ยป Keras API reference / Keras Applications / NasNetLarge and NasNetMobile

NasNetLarge and NasNetMobile

NASNetLarge function

tf.keras.applications.NASNetLarge(
    input_shape=None,
    include_top=True,
    weights="imagenet",
    input_tensor=None,
    pooling=None,
    classes=1000,
)

Instantiates a NASNet model in ImageNet mode.

Reference

Optionally loads weights pre-trained on ImageNet. Note that the data format convention used by the model is the one specified in your Keras config at ~/.keras/keras.json.

Caution: Be sure to properly pre-process your inputs to the application. Please see applications.nasnet.preprocess_input for an example.

Arguments

  • input_shape: Optional shape tuple, only to be specified if include_top is False (otherwise the input shape has to be (331, 331, 3) for NASNetLarge. It should have exactly 3 inputs channels, and width and height should be no smaller than 32. E.g. (224, 224, 3) would be one valid value.
  • include_top: Whether to include the fully-connected layer at the top of the network.
  • weights: None (random initialization) or imagenet (ImageNet weights) For loading imagenet weights, input_shape should be (331, 331, 3)
  • input_tensor: Optional Keras tensor (i.e. output of layers.Input()) to use as image input for the model.
  • pooling: Optional pooling mode for feature extraction when include_top is False. - None means that the output of the model will be the 4D tensor output of the last convolutional layer. - avg means that global average pooling will be applied to the output of the last convolutional layer, and thus the output of the model will be a 2D tensor. - max means that global max pooling will be applied.
  • classes: Optional number of classes to classify images into, only to be specified if include_top is True, and if no weights argument is specified.

Returns

A Keras model instance.

Raises

  • ValueError: in case of invalid argument for weights, or invalid input shape.
  • RuntimeError: If attempting to run this model with a backend that does not support separable convolutions.

NASNetMobile function

tf.keras.applications.NASNetMobile(
    input_shape=None,
    include_top=True,
    weights="imagenet",
    input_tensor=None,
    pooling=None,
    classes=1000,
)

Instantiates a Mobile NASNet model in ImageNet mode.

Reference

Optionally loads weights pre-trained on ImageNet. Note that the data format convention used by the model is the one specified in your Keras config at ~/.keras/keras.json.
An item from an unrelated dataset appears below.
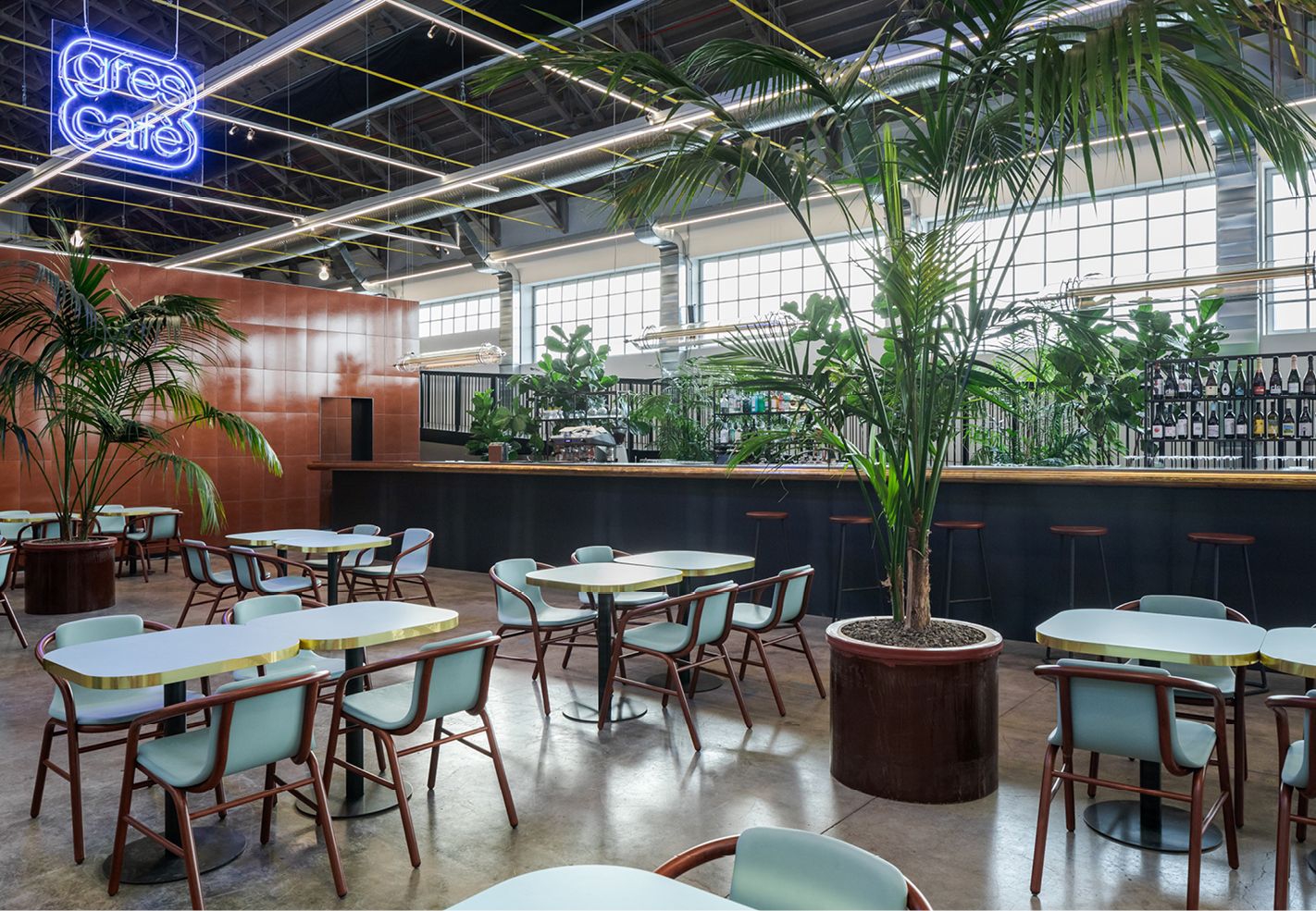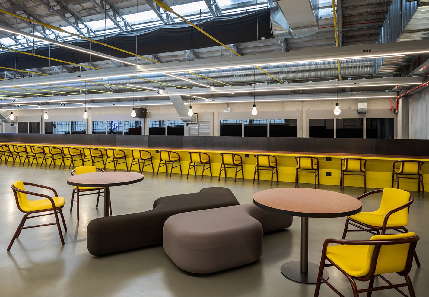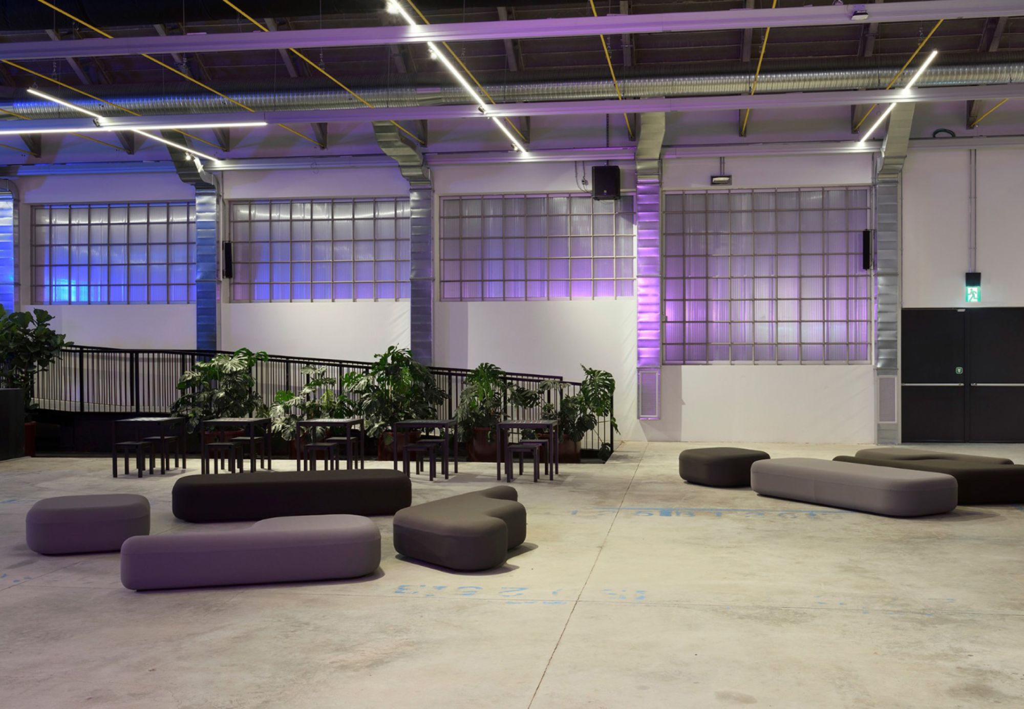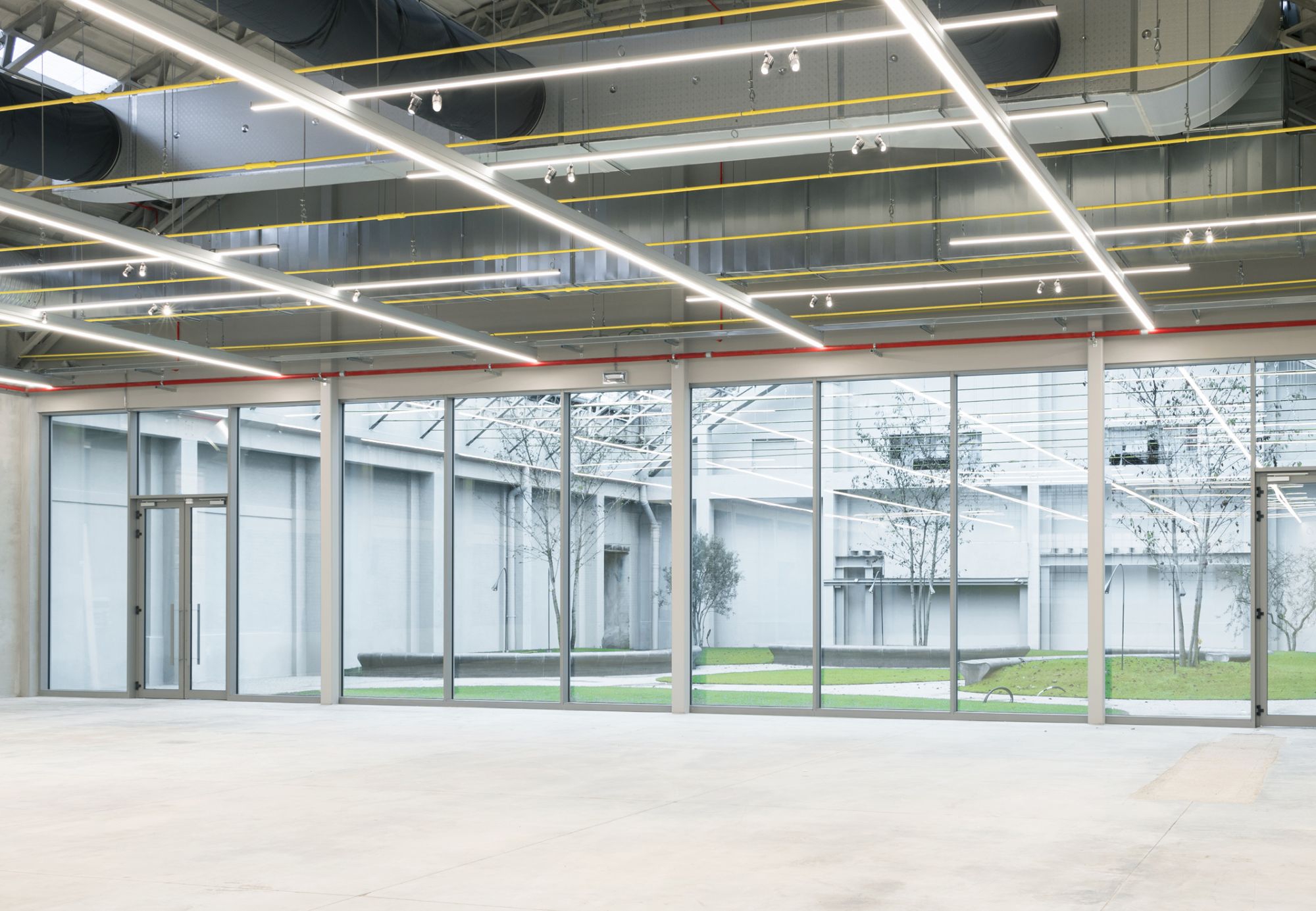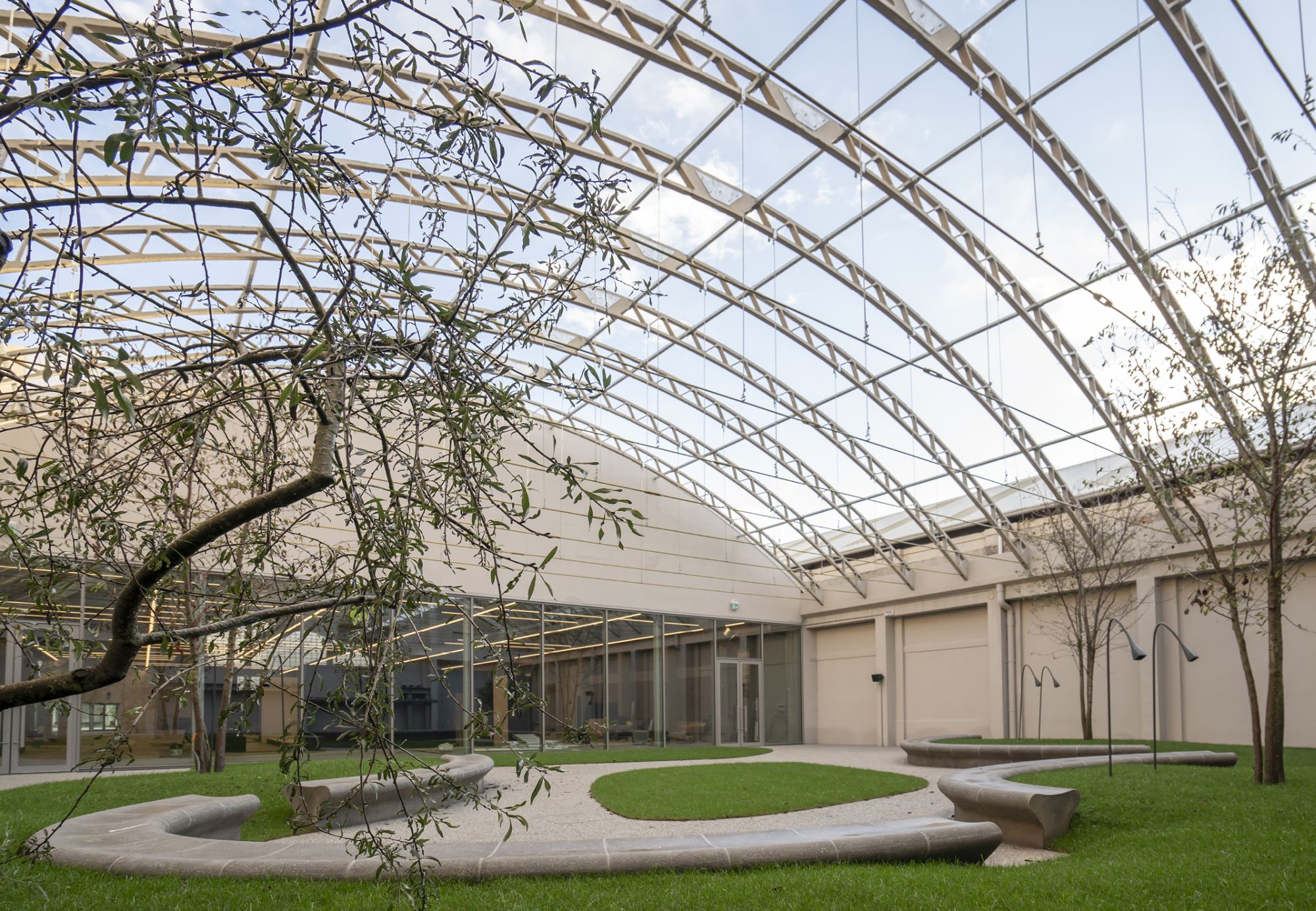 il volume architettonico, frutto dell’unione di due capannoni industriali con coperture a volta su struttura

Caution: Be sure to properly pre-process your inputs to the application. Please see applications.nasnet.preprocess_input for an example.

Arguments

  • input_shape: Optional shape tuple, only to be specified if include_top is False (otherwise the input shape has to be (224, 224, 3) for NASNetMobile It should have exactly 3 inputs channels, and width and height should be no smaller than 32. E.g. (224, 224, 3) would be one valid value.
  • include_top: Whether to include the fully-connected layer at the top of the network.
  • weights: None (random initialization) or imagenet (ImageNet weights) For loading imagenet weights, input_shape should be (224, 224, 3)
  • input_tensor: Optional Keras tensor (i.e. output of layers.Input()) to use as image input for the model.
  • pooling: Optional pooling mode for feature extraction when include_top is False. - None means that the output of the model will be the 4D tensor output of the last convolutional layer. - avg means that global average pooling will be applied to the output of the last convolutional layer, and thus the output of the model will be a 2D tensor. - max means that global max pooling will be applied.
  • classes: Optional number of classes to classify images into, only to be specified if include_top is True, and if no weights argument is specified.

Returns

A Keras model instance.

Raises

  • ValueError: In case of invalid argument for weights, or invalid input shape.
  • RuntimeError: If attempting to run this model with a backend that does not support separable convolutions.